__Data for this task__.
########
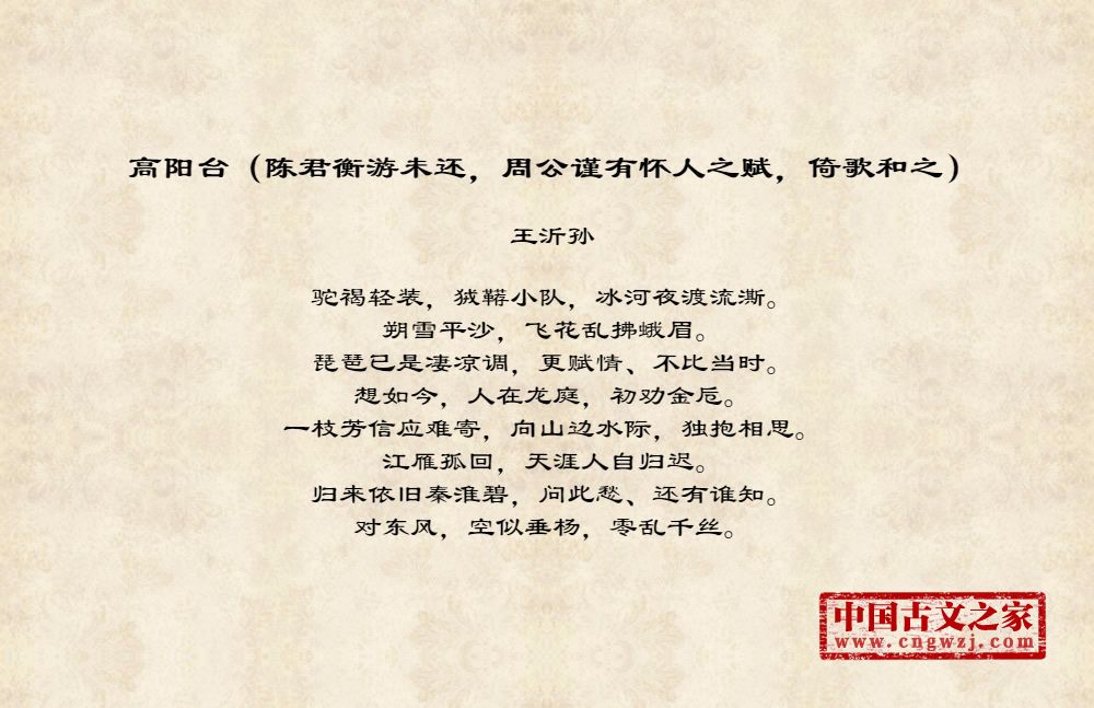 高阳台(陈君衡游未还,周公谨有怀人之赋,倚歌和之)图片
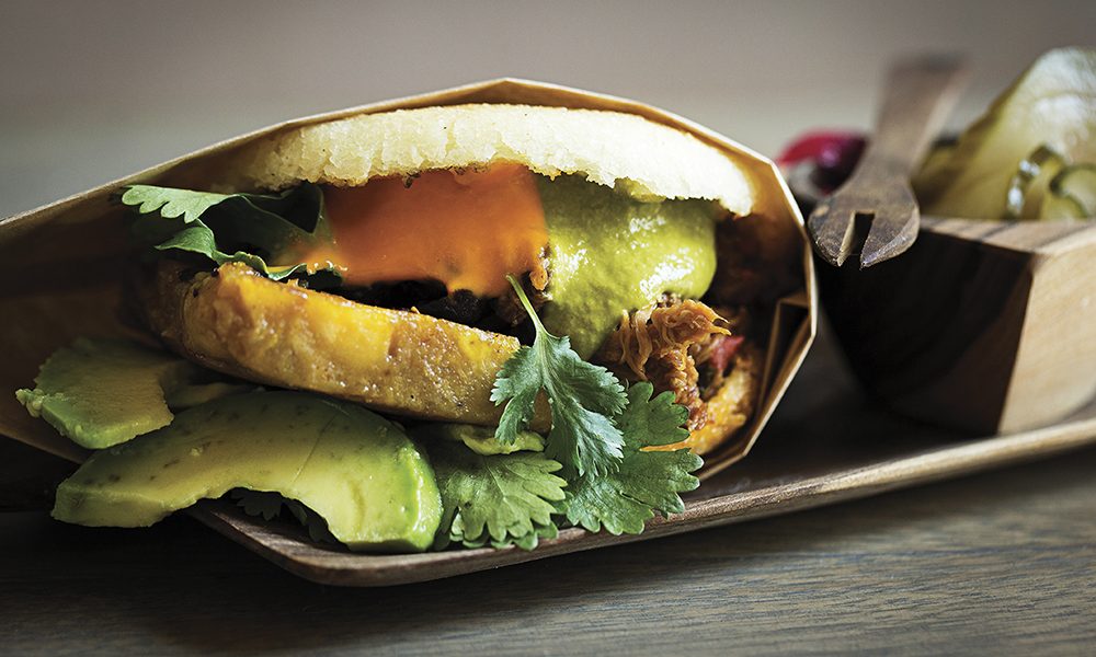 Alma—that’s “soul” in Spanish—is a clean, white space judiciously dotted with greens, a neutral canvas for Stein’s brightly colored kitchen creations. A cocktail bar on one side turns out variants of popular Latin cocktails, like the Pisco de María, a dusky, mellow version of the Peruvian pisco sour. On the other side of the space, diners line the small exhibition-style kitchen to watch chefs prepare, among other South American specialties, numerous iterations on the traditional Venezualan “sandwich,” the arepa.
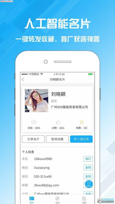 轻松管理人脉和客户,智能名片夹提升联络效率,店铺、企业、公司营销推广宣传必备。
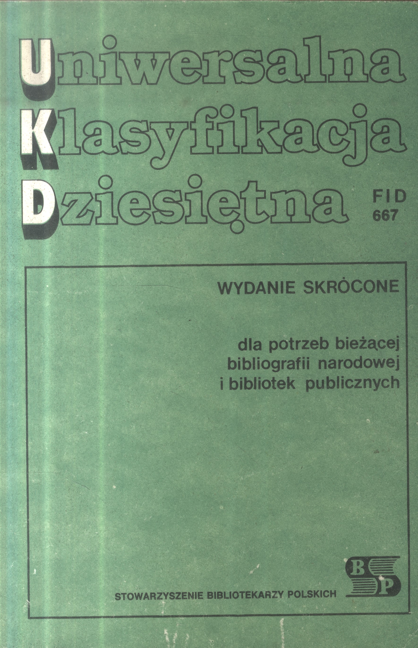 Uniwersalna Klasyfikacja Dziesiętna FID 667 / [oprac. Jadwiga Czarnecka, Henryk Sawoniak]. - Wyd. skrócone dla potrzeb bieżącej bibliografii narodowej i bibliotek publicznych aktualne wg Extensions and Corrections to the UDC Series 12 No 2 1985. - Warszawa : Stowarzyszenie Bibliotekarzy Polskich, 1988. - 217, [1] s. ; 24 cm.
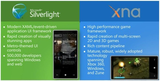 首先下載開發工具(WPDT)—>利用開發工具編寫相應的程序代碼并生成.xap文件—>在Windows Phone設備或模擬器上進行調試—>上傳到Marketplace由MS進行驗證,然后提供給客戶下載,當程序更新后,通過MS的云服務,也會將程序的更新信息提供給用戶。 1.開發平臺 Windows Phone的開發包括2大平臺,Silverlight平臺和XNA平臺
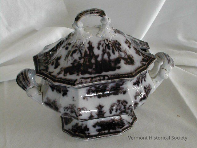 Covered sauceboat transfer-printed in the Mulberry pattern. The pattern features pagodas and trees.
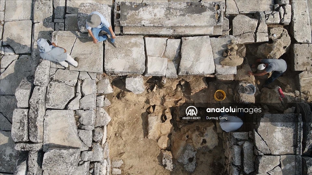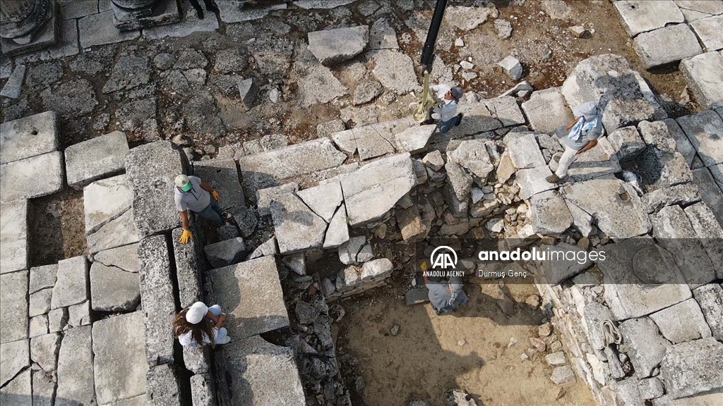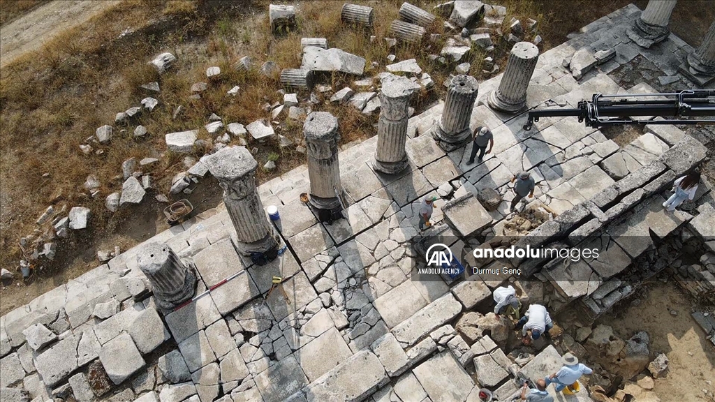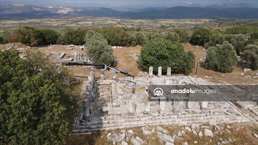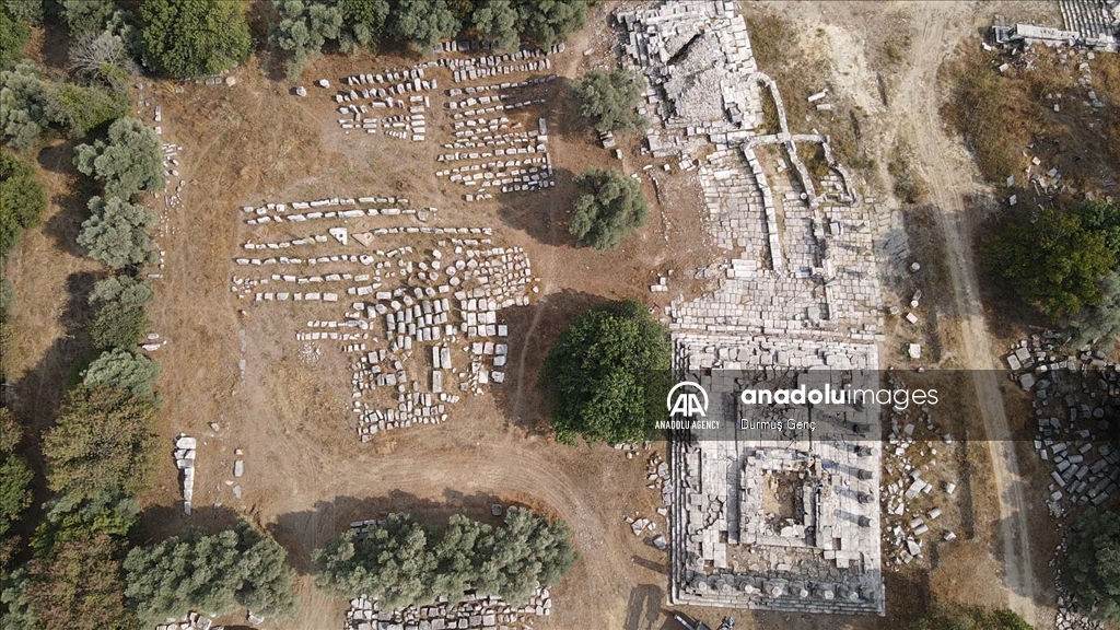 An aerial view of the 2,100-year-old temple, dedicated to Hecate, who is considered the “goddess of road mouths, gates, night, magic, witchcraft and ghosts” in classical mythology, in Mugla's Yatagan district, Turkiye on September 07, 2024.
########
__Task item__. Only the pictures are to be omitted; restate everything else above exactly.

__Exercise answer__.
 高阳台(陈君衡游未还,周公谨有怀人之赋,倚歌和之)图片
 Alma—that’s “soul” in Spanish—is a clean, white space judiciously dotted with greens, a neutral canvas for Stein’s brightly colored kitchen creations. A cocktail bar on one side turns out variants of popular Latin cocktails, like the Pisco de María, a dusky, mellow version of the Peruvian pisco sour. On the other side of the space, diners line the small exhibition-style kitchen to watch chefs prepare, among other South American specialties, numerous iterations on the traditional Venezualan “sandwich,” the arepa.
 轻松管理人脉和客户,智能名片夹提升联络效率,店铺、企业、公司营销推广宣传必备。
 Uniwersalna Klasyfikacja Dziesiętna FID 667 / [oprac. Jadwiga Czarnecka, Henryk Sawoniak]. - Wyd. skrócone dla potrzeb bieżącej bibliografii narodowej i bibliotek publicznych aktualne wg Extensions and Corrections to the UDC Series 12 No 2 1985. - Warszawa : Stowarzyszenie Bibliotekarzy Polskich, 1988. - 217, [1] s. ; 24 cm.
 首先下載開發工具(WPDT)—>利用開發工具編寫相應的程序代碼并生成.xap文件—>在Windows Phone設備或模擬器上進行調試—>上傳到Marketplace由MS進行驗證,然后提供給客戶下載,當程序更新后,通過MS的云服務,也會將程序的更新信息提供給用戶。 1.開發平臺 Windows Phone的開發包括2大平臺,Silverlight平臺和XNA平臺
 Covered sauceboat transfer-printed in the Mulberry pattern. The pattern features pagodas and trees.
 An aerial view of the 2,100-year-old temple, dedicated to Hecate, who is considered the “goddess of road mouths, gates, night, magic, witchcraft and ghosts” in classical mythology, in Mugla's Yatagan district, Turkiye on September 07, 2024.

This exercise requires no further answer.